President Obama’s Memorial Day visit to Arlington National Cemetery will highlight the paradox. He will place the traditional wreath on the Tomb of the Unknowns, and praise those who have died in combat for the United States. “Most Americans don’t fully see, don’t fully understand the sacrifice made by the 1% who serve in this all-volunteer armed forces,” he said there last year. “Few know what it’s like to take a bullet for a buddy, or to live with the fact that he or she took one for you.”
But the commander-in-chief has steadfastly declined to say that Americans troops abroad right now—under his orders—are engaged in combat, and that the few who have died, have died in war. Congress is also to blame, preferring to let him fly solo without approving the specific military campaigns now underway in dark corners of the world.
Three Americans have died in the war on terror so far this year in Afghanistan and Iraq.
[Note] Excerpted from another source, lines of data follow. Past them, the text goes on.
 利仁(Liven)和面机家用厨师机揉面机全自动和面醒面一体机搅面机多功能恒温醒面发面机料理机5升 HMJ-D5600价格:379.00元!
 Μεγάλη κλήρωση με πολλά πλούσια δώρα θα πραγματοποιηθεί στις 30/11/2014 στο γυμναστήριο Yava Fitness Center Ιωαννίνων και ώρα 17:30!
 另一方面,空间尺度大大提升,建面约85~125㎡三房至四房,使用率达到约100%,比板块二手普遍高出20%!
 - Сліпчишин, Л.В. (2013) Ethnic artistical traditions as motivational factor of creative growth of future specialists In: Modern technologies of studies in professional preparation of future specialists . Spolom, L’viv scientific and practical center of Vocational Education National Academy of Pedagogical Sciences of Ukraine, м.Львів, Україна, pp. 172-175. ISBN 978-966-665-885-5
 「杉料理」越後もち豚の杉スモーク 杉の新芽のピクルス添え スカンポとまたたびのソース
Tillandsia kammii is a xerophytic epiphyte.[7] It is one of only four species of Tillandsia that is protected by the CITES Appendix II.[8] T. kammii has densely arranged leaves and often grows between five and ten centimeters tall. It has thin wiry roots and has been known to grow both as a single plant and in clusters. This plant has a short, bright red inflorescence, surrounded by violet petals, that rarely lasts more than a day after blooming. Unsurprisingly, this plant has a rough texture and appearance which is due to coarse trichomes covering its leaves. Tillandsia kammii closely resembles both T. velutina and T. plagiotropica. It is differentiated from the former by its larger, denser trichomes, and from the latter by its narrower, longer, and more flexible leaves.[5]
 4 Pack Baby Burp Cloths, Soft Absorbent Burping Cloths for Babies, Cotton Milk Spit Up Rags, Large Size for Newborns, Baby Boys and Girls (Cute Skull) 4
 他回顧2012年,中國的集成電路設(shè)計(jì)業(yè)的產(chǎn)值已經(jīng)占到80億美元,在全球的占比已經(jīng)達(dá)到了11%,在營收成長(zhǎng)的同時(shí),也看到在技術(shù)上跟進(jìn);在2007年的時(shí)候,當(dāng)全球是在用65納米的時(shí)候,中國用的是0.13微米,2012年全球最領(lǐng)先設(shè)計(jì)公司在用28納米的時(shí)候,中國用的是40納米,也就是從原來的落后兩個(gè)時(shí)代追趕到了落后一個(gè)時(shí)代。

Four others died of non-hostile causes, including a Humvee rollover, and the collapse of a building during a violent windstorm. Sure, their number is small—except to their own families, whose loved ones volunteered their last full measure of devotion, to the rest of us.
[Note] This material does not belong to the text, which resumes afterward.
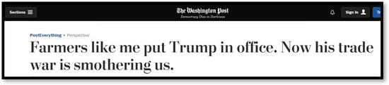 密苏里州的一位第五代牧场主卡莲娜·布鲁斯(Kalena Bruce)在华盛顿邮报发表了一篇文章吐槽经贸摩擦:是我们农民让特朗普当上了总统,可现在他的经贸政策快让我们窒息了。

“The men and women of the armed forces are willing to fight—and die, if necessary—to defend the nation,” write retired Army lieutenant general Dave Barno and military scholar Nora Bensahel. “But asking them to do so without acknowledging that they are at war is simply wrong.”
This kind of war wasn’t an American choice. But that hardly makes it any less real for those fighting it, no matter how few. Memorial Day would be a fitting day to acknowledge the U.S. is at war, and likely will be, for many Memorial Days to come.